• Your assignment: Take the lines from the head of the listing through the one bearing "Nelle prove sul" and copy them exactly, leaving every picture out.

• Data block:

▽

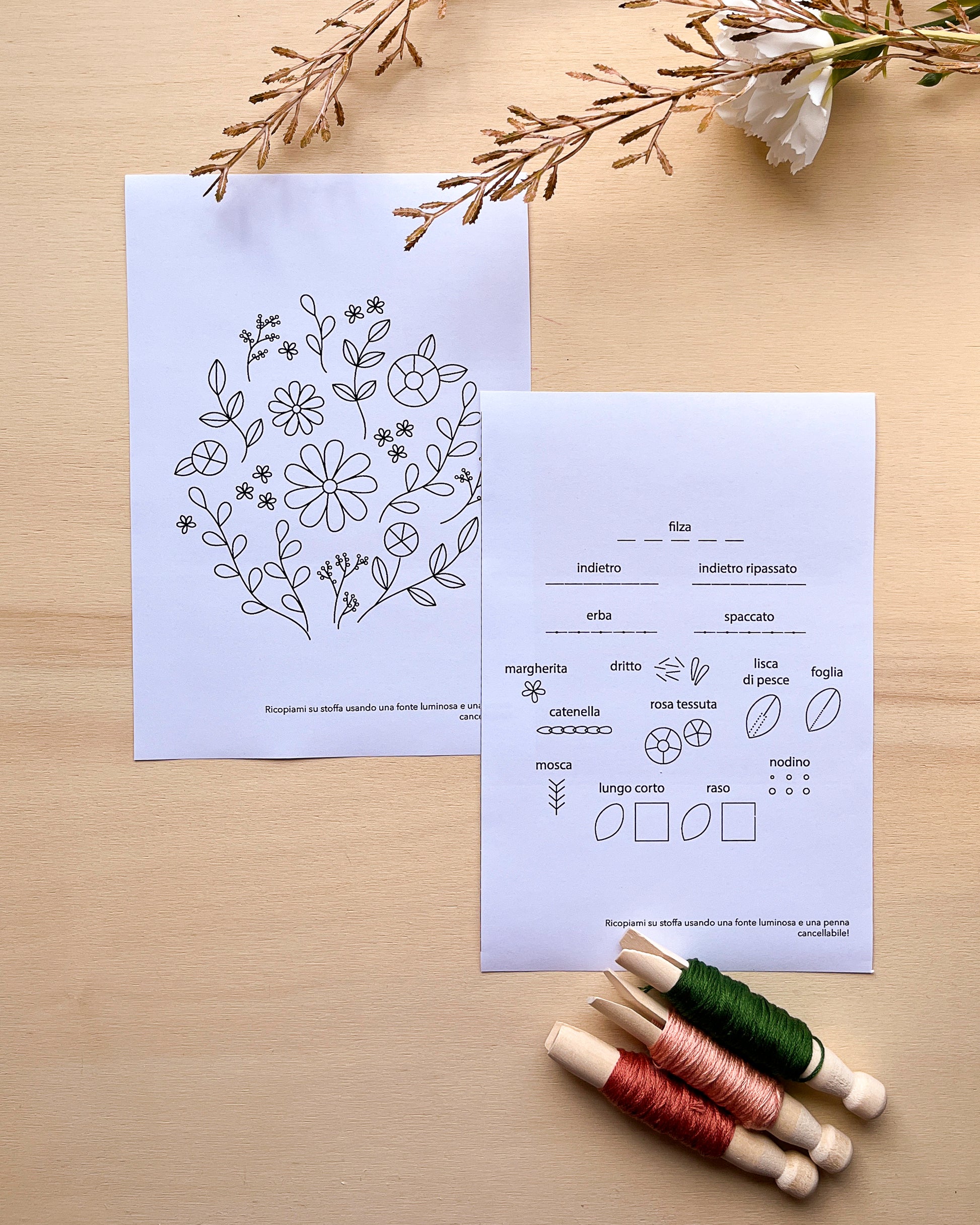 - 2 schemi in bianco e nero stampati per ricopiare su stoffa i punti base e la composizione floreale
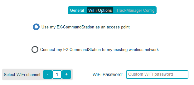 You can configure the WiFi for EX-CommandStation two ways:
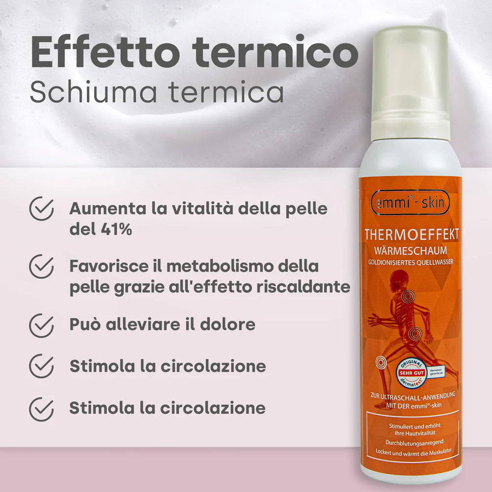 Nelle prove sul campo degli ultimi 4 anni, l'uso di emmi-pelle un sorprendente effetto anti-invecchiamento (in combinazione con l' Crema gel ultrasonica all'acido ialuronico) dimostrato. Grazie all'effetto antibatterico degli ultrasuoni, anche i dolori articolari e muscolari possono essere curati (in combinazione con l' effetto termico) Più veloce. Si riducono le impurità della pelle come punti neri, acne, brufoli e anche le infezioni fungine. In poco tempo la pelle spenta e stressata torna ad apparire bella e sana.
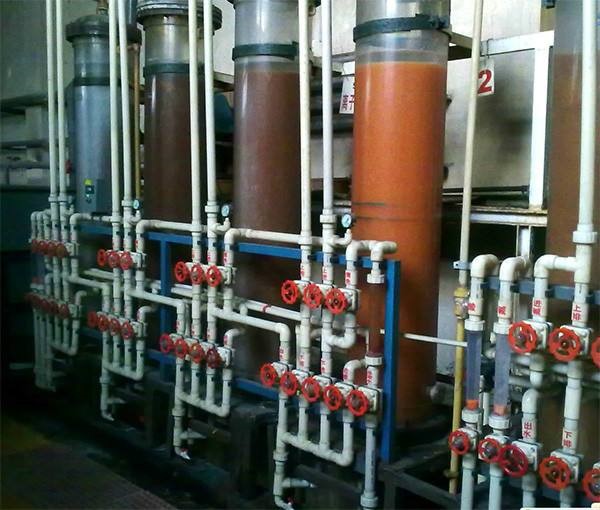 離子交換法是我國(guó)目前應(yīng)用最廣泛的水處理技術(shù)之一。其所用的樹脂是一種高分子聚合物,按官能團(tuán)的性質(zhì)分為強(qiáng)酸、強(qiáng)堿、弱酸、弱堿四類,按其基團(tuán)性質(zhì)分為陽(yáng)離子交換樹脂和陰離子交換樹脂。陽(yáng)離子交換樹脂是指分子中含有酸性基團(tuán)的離子交換樹脂,能使分子中的H+等與溶液中的其他陽(yáng)離子交換。陰離子交換樹脂是指分子中含有堿性基團(tuán)的離子交換樹脂,能使分子中的OH-與溶液中的其他陰離子交換。離子交換法常與反滲透膜法結(jié)合使用,廢水先經(jīng)反滲透膜除去90%左右的溶質(zhì),然后用離子交換樹脂處理。這種結(jié)合使用的方法很適合于濃縮水、高含鹽水、純水的處理,也用于回收重金屬離子、放射性廢水及有機(jī)廢水處理。

△

• Solution to the problem:
 - 2 schemi in bianco e nero stampati per ricopiare su stoffa i punti base e la composizione floreale
 You can configure the WiFi for EX-CommandStation two ways:
 Nelle prove sul campo degli ultimi 4 anni, l'uso di emmi-pelle un sorprendente effetto anti-invecchiamento (in combinazione con l' Crema gel ultrasonica all'acido ialuronico) dimostrato. Grazie all'effetto antibatterico degli ultrasuoni, anche i dolori articolari e muscolari possono essere curati (in combinazione con l' effetto termico) Più veloce. Si riducono le impurità della pelle come punti neri, acne, brufoli e anche le infezioni fungine. In poco tempo la pelle spenta e stressata torna ad apparire bella e sana.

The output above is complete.